就如本書作者廖瞇所說,這本書的寫作之所以困難或許是雜揉了三條能獨立看待卻又在細微之處彼此影響的故事線:作者的父母小廖與阿美的故事、攝影沖印器材的知識和技術發展歷史、三叔公攝影家李鳴鵰的生涯。
這三條線讓廖瞇在寫作的初期一直摸不著頭緒,無法決定何些細節要保留,何者要刪去,申請補助的初稿竟然達到了十四萬字,幾乎是最後出版成書的兩倍字數。廖瞇遇到這樣奢侈的難題(寫作的人往往是苦思不出,而作者竟是字數太多,不知何者該刪)他回到自己身上,詢問內心,這次書寫對自己最重要的是什麼?於是父母的故事變成了主線,攝影的技術發展史以及李鳴雕的生涯則成為了支線,這本書的主幹和枝椏也終於成形。廖瞇在這本書的寫作當中,使用了不少的「我」。是以自己作爲出發點望出去的視野:「我原以爲...」、「我看著...」、「我的...」,這讓一切的故事有了一位說話的聲音。小廖與阿美、李鳴雕、甚至是物件、攝影機、底片和沖印器材,都是由作者以自身為度,衡算出的各種關係。但這不是理性的估算距離關係,而是回到自己情感中,有父母也有像陌生人的親戚也有鑲嵌在成長環境的場景和物件記憶。讀著廖瞇的文字,和他一起挖掘和理解這些關於個人記憶,又牽連著台灣的大環境歷史:從日治時期的1920年代經過二戰到了戰後的戒嚴和解嚴六零、七零、八零,一直到兩千年數位相機逐漸取代機械底片相機的二十一世紀。

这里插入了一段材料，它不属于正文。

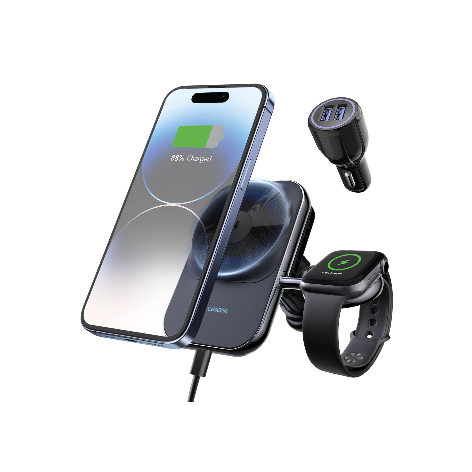 - Soporte 2 en 1 (carga Iphones y Smartwatch o Apple Watcha a la vez)
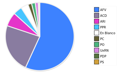 - Columna Porcentaje sobre Válidos no toma en cuenta los votos en blanco ni nulos (usado para D'Hondt de corresponder).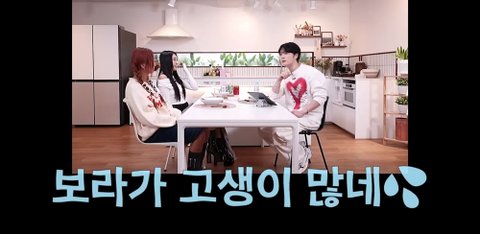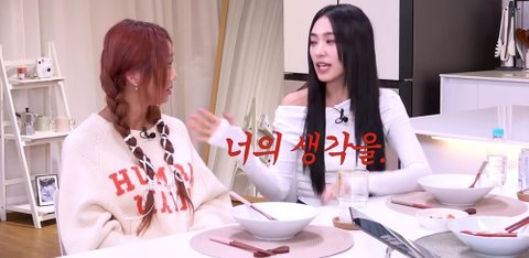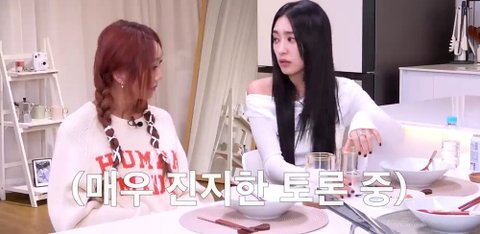 보라가 하는 말에 진지하게 들어주며 답하는 효린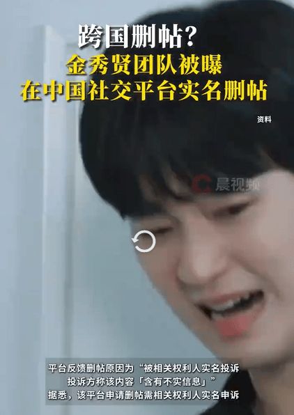 同日,有中国网友发帖称,自己此前发布的金秀贤相关帖子疑被金秀贤方删除。平台反馈删帖原因为“被相关权利人实名投诉,投诉方称该内容「含有不实信息」”。据悉,该平台申请删帖需相关权利人实名申诉。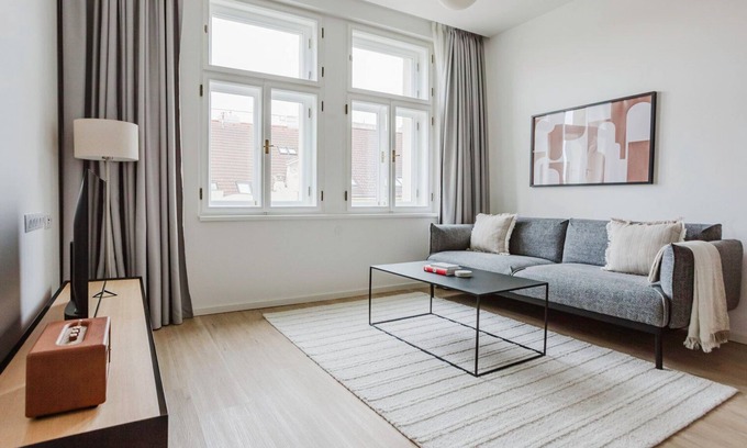 Show up and start living from day one in Prague with this roomy one bedroom apartment. You’ll love coming home to this thoughtfully furnished, beautifully designed, and fully-equipped Vinohrady home . (ID #PRG33)

作者也試圖在兩條故事線當中找出李鳴雕和小廖的相同之處,同樣都在十幾歲的少年時期當起學徒,只是一位是在日治時期的「寫真館」,另一位已是在國民政府來台的「公司」。廖瞇在本書的前半段,介紹起李鳴雕和小廖時做了不少如此共時性(synchronicity)的對照和呼應,讓兩人的故事和攝影這條線漸漸在讀者閱讀本書的過程中交織,並不時加入先前提到的「我」的思考:「我原以為戰亂會限縮人生的自由,但李鳴雕反而在這樣的實地遇到了機會。」、「小廖的回答令我感覺微妙。」、「我感覺到小廖的樂天,但並不明白他真正的感受。」本書的敘事因此形成一種厚度,讀起來具有層次,而廖瞇的文字平易近人,直接明確,更是幫助了讀者自然的進入交錯的故事之中,不會有尚須消化文字的困擾。
對於台灣的中文出版界來說,關於攝影史的書籍實在太少了,現有的又多數是因學術研究的需求而生。因此廖瞇這本書的出現,顯得特別和重要,讓一般大眾能夠輕鬆的消化和認識關於家族的書寫也關於攝影技術的本地發展以及名人攝影家的小道歷史。